De golpe, me encontré este fin de semana narrando un viaje. Lo escribía en las páginas de unos de estos cuadernos de formato pequeño con pastas duras y páginas de colores que venden en las tiendas de los aeropuertos y las estaciones. Esta especie de cuento hablaba de un joven que decidió un día iniciar un viaje hacia el mar. En su maleta llevaba inocencia, melancolía, dolor, perdón y un poco de ternura. Marchando, dejaba a sus espaldas algún personaje entrañable y muchos otros que habiendo desnudado sus mundos interiores a partir de sus conductas le habían mostrado la pérfida maldad de la hipocresía y de los sepulcros blanqueados. Partía huyendo del absurdo y del esperpento que en los últimos años se habían convertido en espectros que le perseguían. En las primeras páginas de mi cuento intentaba exorcizar sus fantasmas, no evadiéndolos sino enfrentándolos en la escritura de esa historia con apariencia de ficción. Más tarde hice aparecer una figura femenina a la que el joven desde su sencillez e ingenuidad podía trasladar preguntas que obtenían respuestas oportunas, sensatas y a veces sabias. El joven era experto en provocar en la vida cotidiana una conexión con la infinita sabiduría que rige el cosmos, en una especie de diálogo certificador de que la belleza es el resplandor de la verdad. Se embarcó hacia el mar con esa brújula imaginaria, dejando una carta que permitía conocer a quien la leyera motivos sin culpas y una certeza que le había prestado un día Ignazio Silone: “Una dictadura es un régimen en el que la gente recita en lugar de pensar”
Ya sobre la cubierta derramó unas lágrimas que se perdieron en el oleaje que rompía sobre la proa del barco. A pesar de la niebla momentánea en sus ojos se esforzaba en avistar el misterio de aquella inmensidad y repitió con Gibran: “Debe haber algo extrañamente sagrado en la sal: está en nuestras lágrimas y en el mar”. Comenzaba la travesía y también él comenzó a escribir día a día en su diario su propio pasado y la constelación de experiencias que le había tocado vivir o tolerar. Comenzó escribiendo todo aquello que en su infancia y adolescencia le había influenciado, la relación con su padre, su tímido asomarse a la vida adulta, la trágica constatación del reparto grosero de papeles que a menudo el mundo concede: injusticia a los débiles e impunidad a los poderosos, persecución a los bondadosos e incienso a los infames.
En ese mar navegaba hacia otro mar, ansiando una nueva vida llena de oportunidades y de promesas. Decidió seguir creyendo en el amor, en ese amor que es capaz de vencerlo todo mientras damos vuelta en esa noria trascendente que nos hace nacer, morir, renacer y escoger en el vertiginoso movimiento de la libertad.

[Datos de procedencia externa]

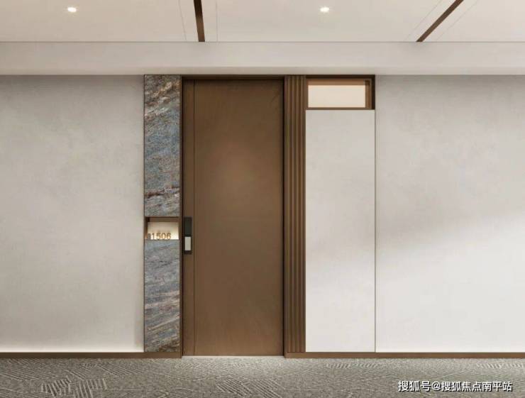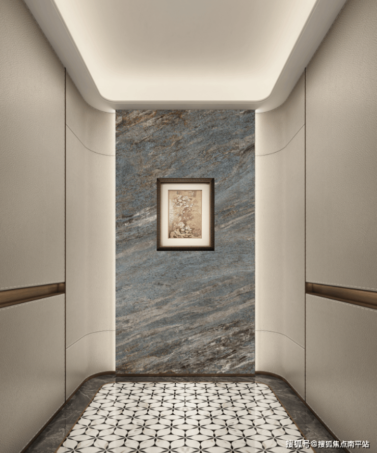 电梯厅的标准可参照今年交付的建发壹里:奢石+皮革铺装,奢华属性溢出。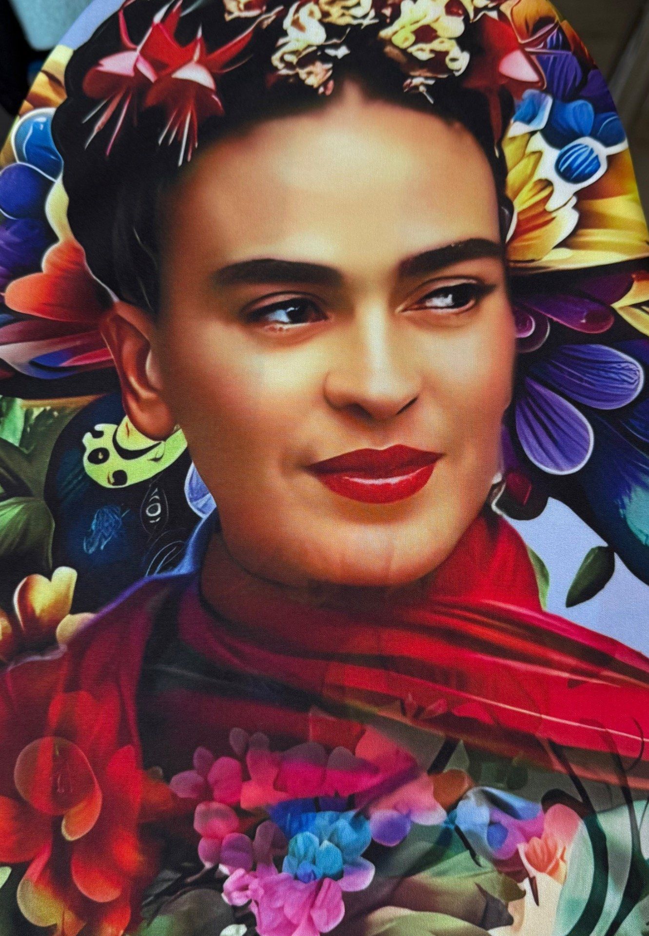 superbe imprimé Frida Kahlo sur fond bleu et crème :-)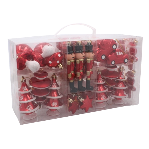 50 darabos karácsonyi díszkészlet piros, ezüst és arany színben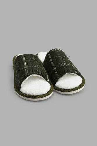 Olive Checkered Quilted Slipper شبشب كاروهات مبطن باللون الزيتي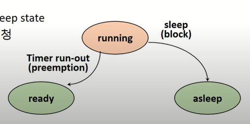- Block/sleep : 추가 자원(IO등)이 필요할 때, 자원을 할당받을 때까지 작업을 Block한 후, sleep 상태로 대기한다.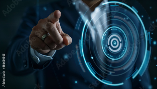 Marketing concept. Businessman pointing at target on digital screen against color background, closeup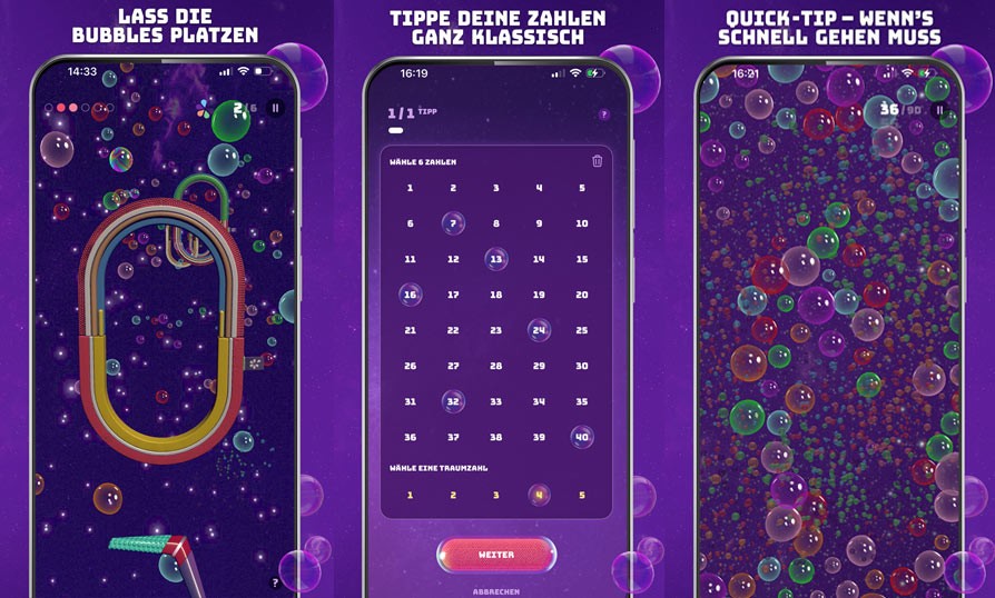 Die EuroDreams-App bietet dir drei Möglichkeiten, deine Tipps zu erstellen. Du kannst spielerisch Bubbles platzen lassen, klassisch deine Zahlen selber auswählen oder – wenn’s schnell gehen soll – dich für einen Quick-Tip entscheiden.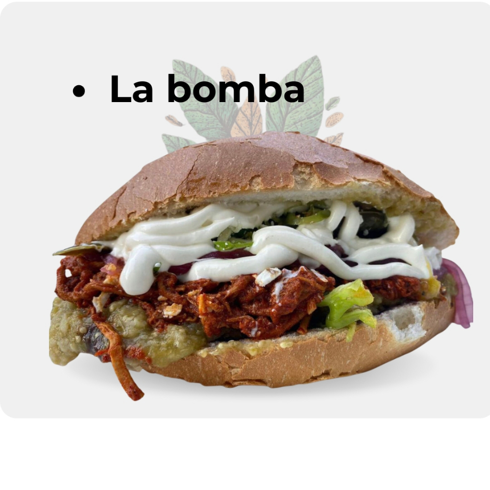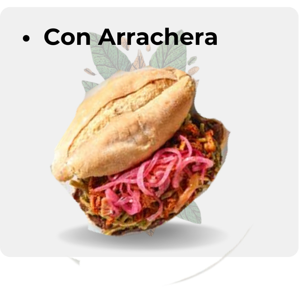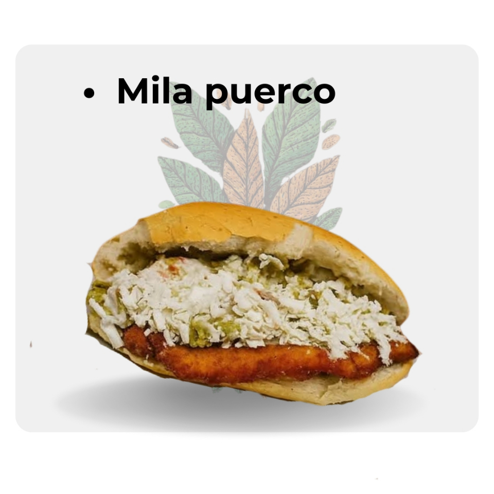 Cochinita pibil y Milanesa, chilaquiles sobre una cama de frijolitos refritos, crema y queso. En Bolillo XL.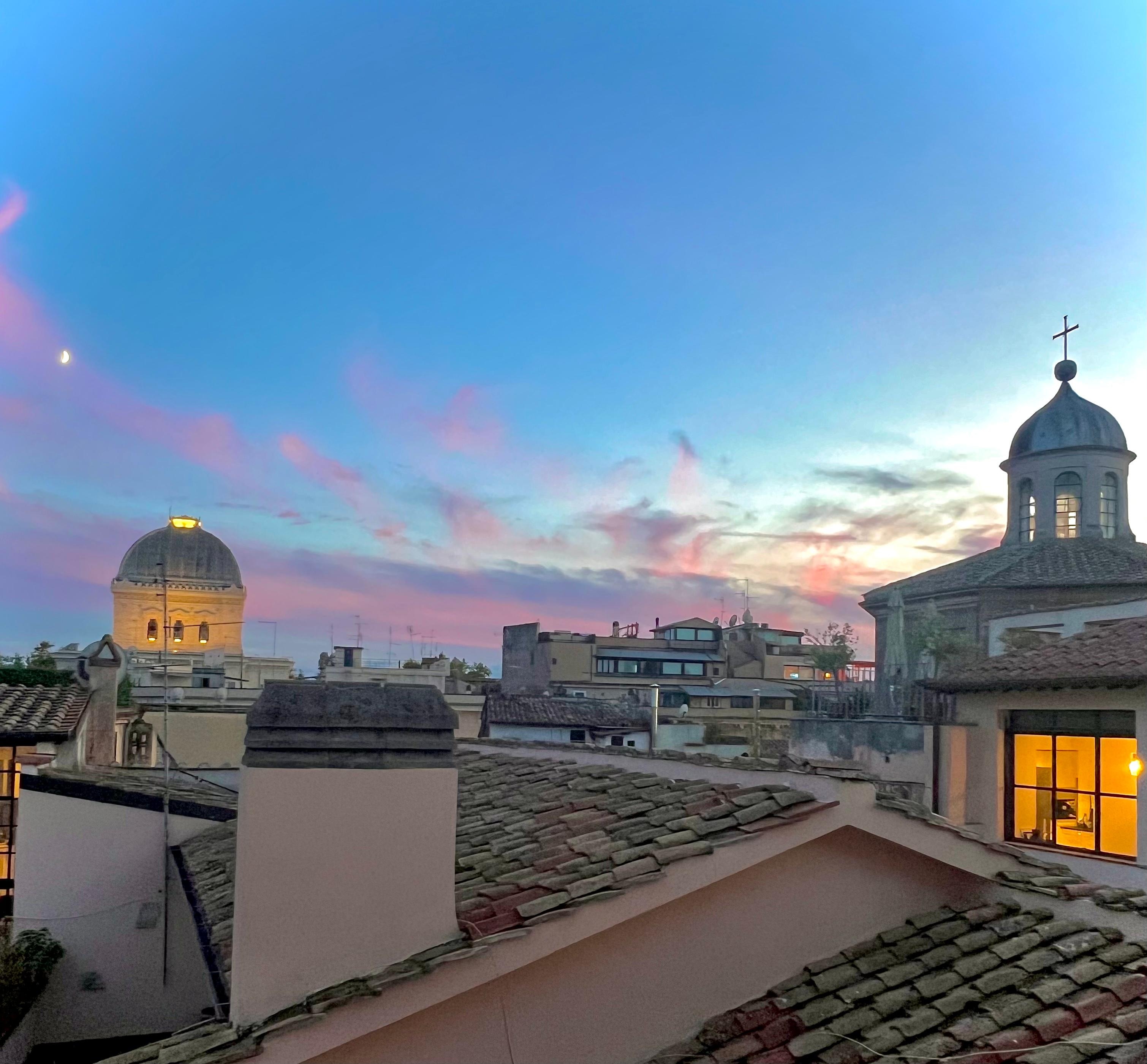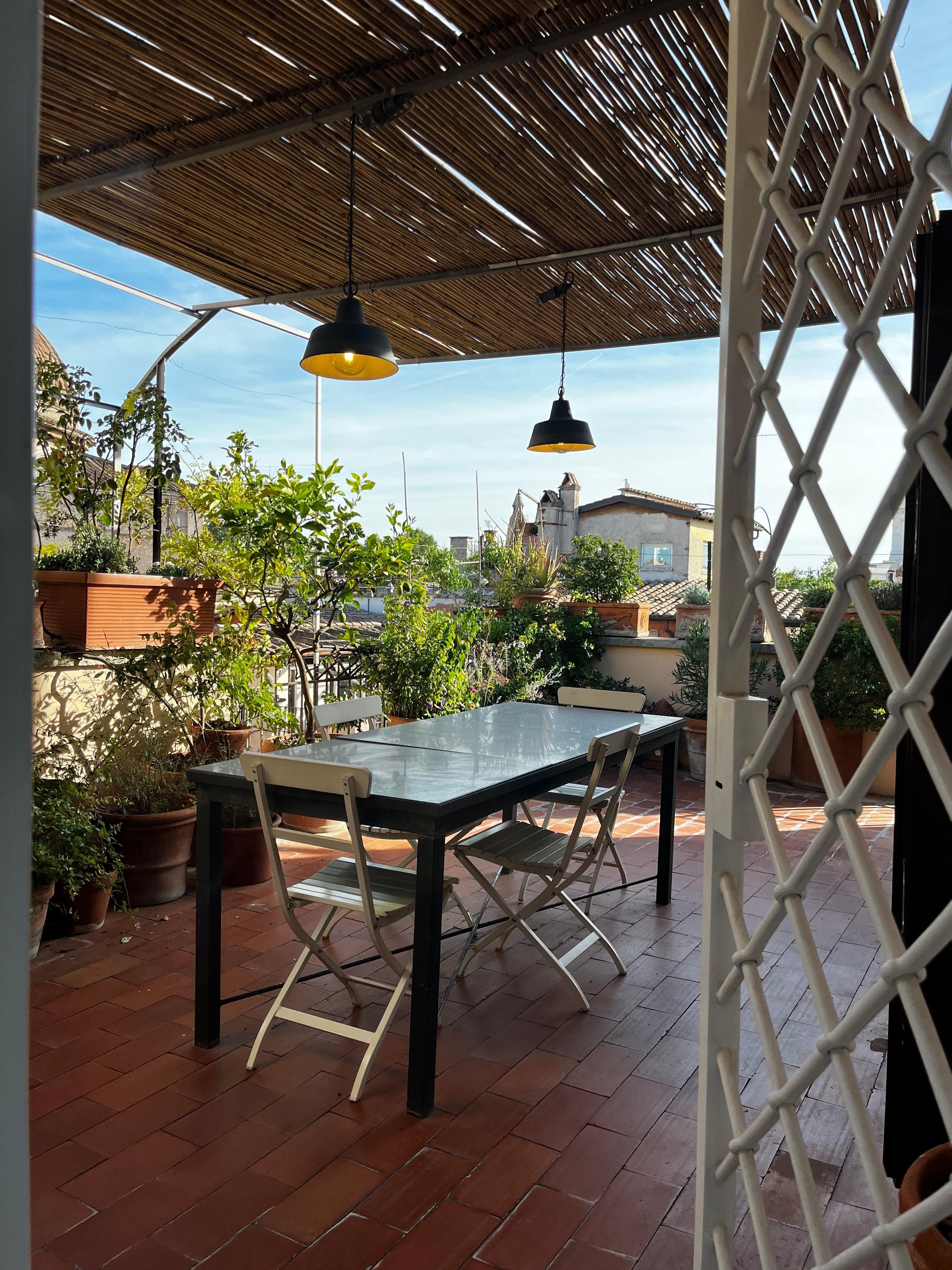 The spacious living room is one of the main highlights, offering direct access to a panoramic terrace. The terrace is furnished with a table and chairs, making it perfect for outdoor dining, relaxing, or enjoying the breathtaking views of Rome’s rooftops and landmarks.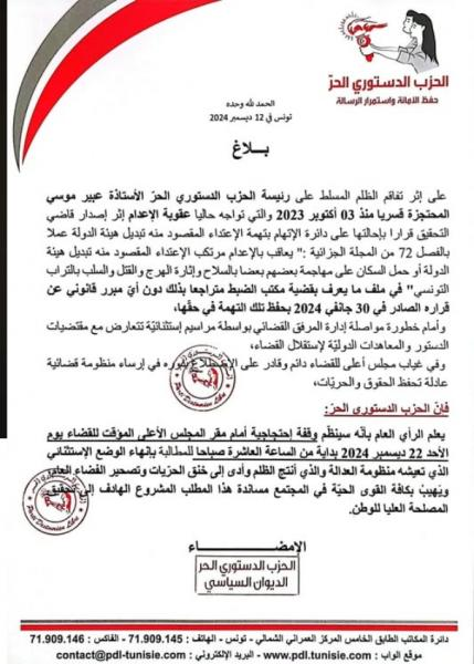 Le parti a appelé les forces vives de la société tunisienne à soutenir cette mobilisation, affirmant qu’elle sert les intérêts de la Tunisie. Ce rassemblement, prévu le 22 décembre 2024 à partir de 10 heures devant le siège du Conseil provisoire de la magistrature, a pour objectif d’exiger la fin de la situation provisoire du système judiciaire, jugée source d’injustice et de restrictions des libertés.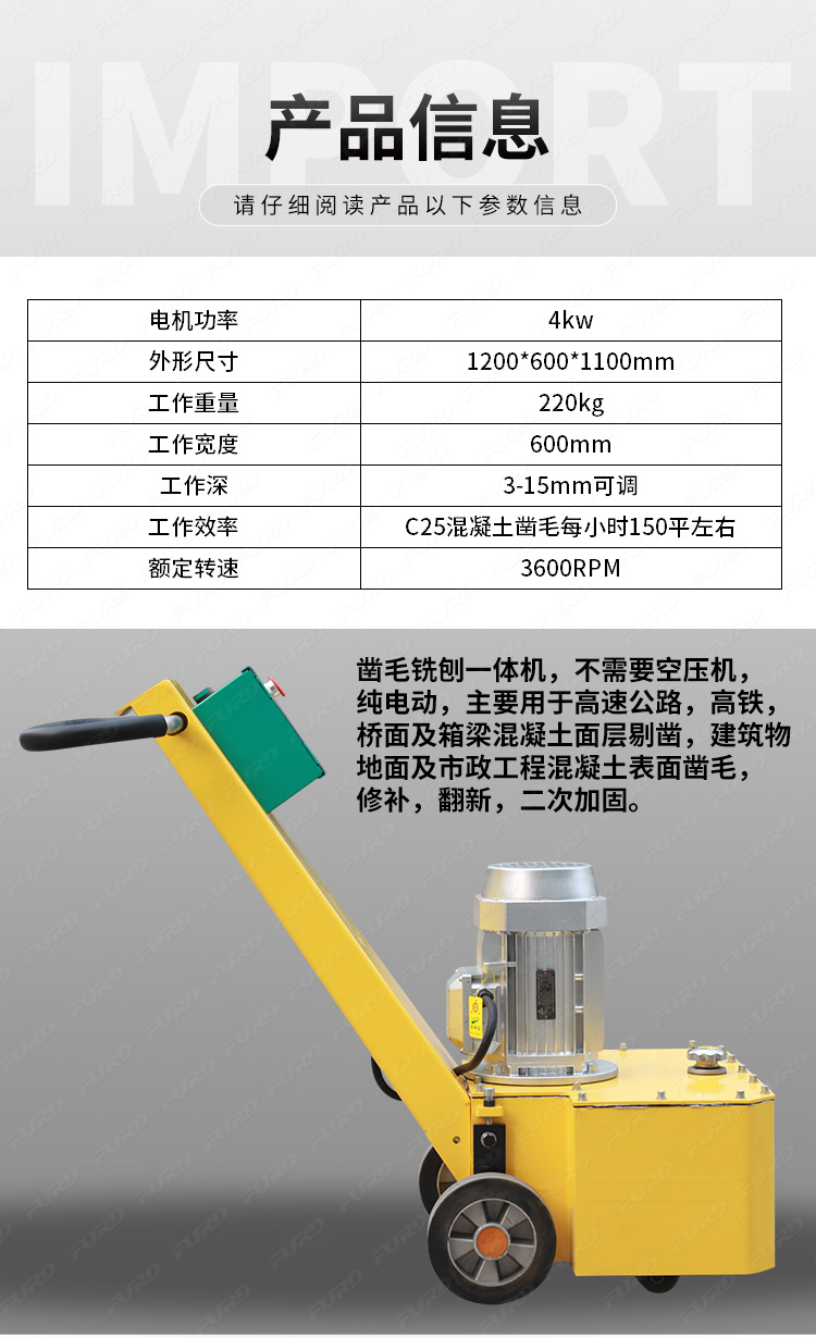 鑿毛銑刨一體機(jī),不需要空壓機(jī),純電動(dòng),主要用于高速公路,高鐵,橋面及箱梁混凝土面層剔鑿,建筑物地面及市政工程混凝土表面鑿毛,修補(bǔ),翻新,二次加固。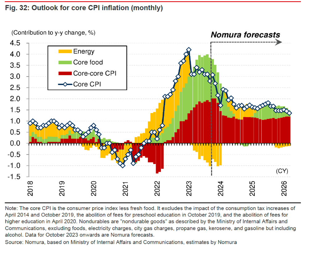 我们预计到2024年1月,能源通胀将降至负数,但随着政府控制能源成本措施的影响减弱,从2024年2月将再次上涨至正值。我们的假设是,日本政府将从2024年5月起的六个月内逐步取消能源补贴,防止对家庭预算造成直接冲击。
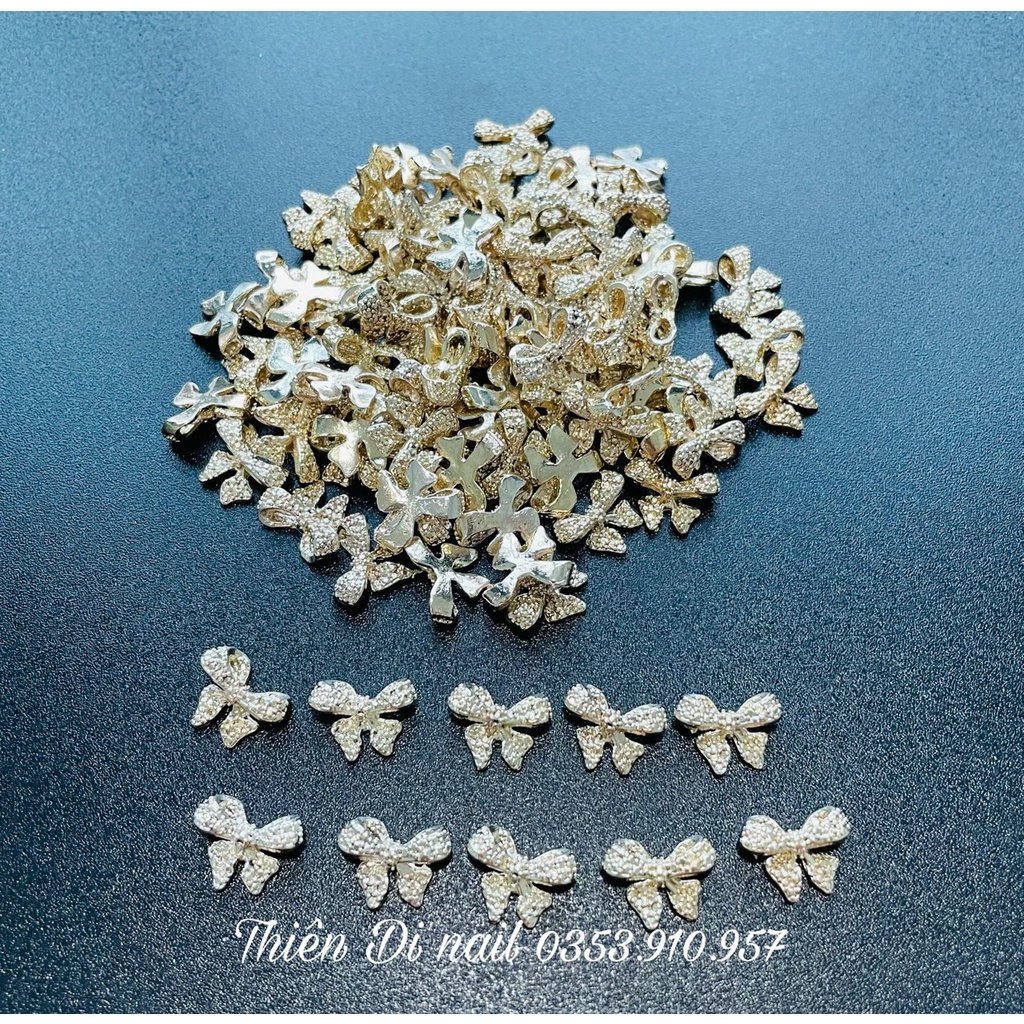 Charm nail là sản phẩm được tạo ra bằng inox không rỉ sét . được nhuộm lên màu vàng hoặc trắng . đính lên những viên kim cương nhựa cực kì sáng và sang chảnh . charm có rất nhiều kiểu dáng và có 2 màu sắc cho khách chọn lựa . không lỗi mốt và rất tiện dùng

Miré el reloj, llevaba horas escribiendo y ahora no podía escribir el final de mi cuento porque había agotado todas las páginas del cuaderno. Me quedaban dos renglones y pensé en otra fábula, similar a esta y quizás con un mismo final. Entonces escribí en letras mayúsculas: “TODO LO QUE NACE DE UN ACTO DE AMOR NO DEBE SER JAMÁS CASTIGADO”. Mientras escribo estas últimas líneas recuerdo que la escuché un día de labios de un gran hombre: Karol Wojtyla.